XPath uses path expressions to navigate HTML/XML documents. Understanding the core syntax is essential.
Basic path expressions:
Absolute path (from root):
/html/body/div/p
Selects exact path from document root. Fragile - breaks if structure changes.
Relative path (anywhere in document):
//p
Selects all <p> elements anywhere.
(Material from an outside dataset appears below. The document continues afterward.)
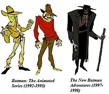 - The DCAU incarnation of the Scarecrow appears in The Batman Adventures.[53][54] Series writer Ty Templeton stated during an interview that he originally wanted to use the Scarecrow in a story which would have revealed why an accident and a murder trial provoked him to change his costume, as his face was never seen in The New Batman Adventures, but the series was canceled before the reason could be revealed.[55]
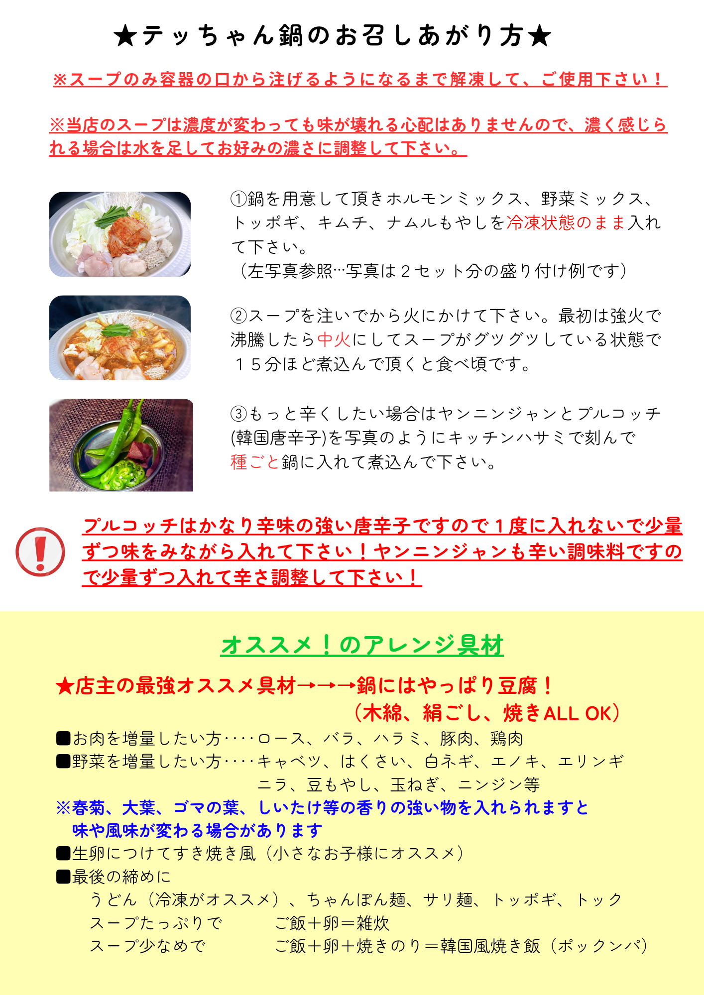 ↓写真のてっちゃん鍋の作り方の説明書も同梱致します。

Most common and flexible.
Current node:
.
Parent node:
..
Attribute selection:
Select element with attribute:
//div[@class='product']
Select attribute value:
//img/@src
Multiple attributes:
//input[@type='text'][@name='email']
Predicates (filters):
By position:
//li[1] # First li element
//li[last()] # Last li element
//li[position() < 4] # First 3 elements
By condition:
//div[@class='active']
//span[@id and @class] # Has both id and class
Text matching:
Exact text:
//button[text()='Submit']
Contains text:
//p[contains(text(), 'Price')]
Starts with:
//div[starts-with(@class, 'product-')]
Axes (navigation):
Child:
//div/child::p
# Same as: //div/p
Parent:
//span/parent::div
# Same as: //span/..
Following-sibling:
//h2/following-sibling::p
Preceding-sibling:
//p/preceding-sibling::h2
Ancestor:
//span/ancestor::div
Descendant:
//div/descendant::a
Operators:
And:
//div[@class='product' and @data-available='true']
Or:
//input[@type='text' or @type='email']
Not:
//div[not(@class='hidden')]
Common patterns:
Any element with class:
//*[@class='product']
Attribute contains value:
//a[contains(@href, 'product')]
Multiple classes:
//div[contains(@class, 'card') and contains(@class, 'active')]
Python usage:
from lxml import html
tree = html.fromstring(html_content)
results = tree.xpath('//div[@class="product"]/h2/text()')
Scrapy usage:
response.xpath('//div[@class="product"]/h2/text()').get()
response.xpath('//div[@class="product"]/h2/text()').getall()
Best practices:
- Keep paths short and relative (
//divnot/html/body/div) - Use
contains()for flexible class matching - Avoid deep absolute paths (fragile)
- Test expressions in XPath tester before implementing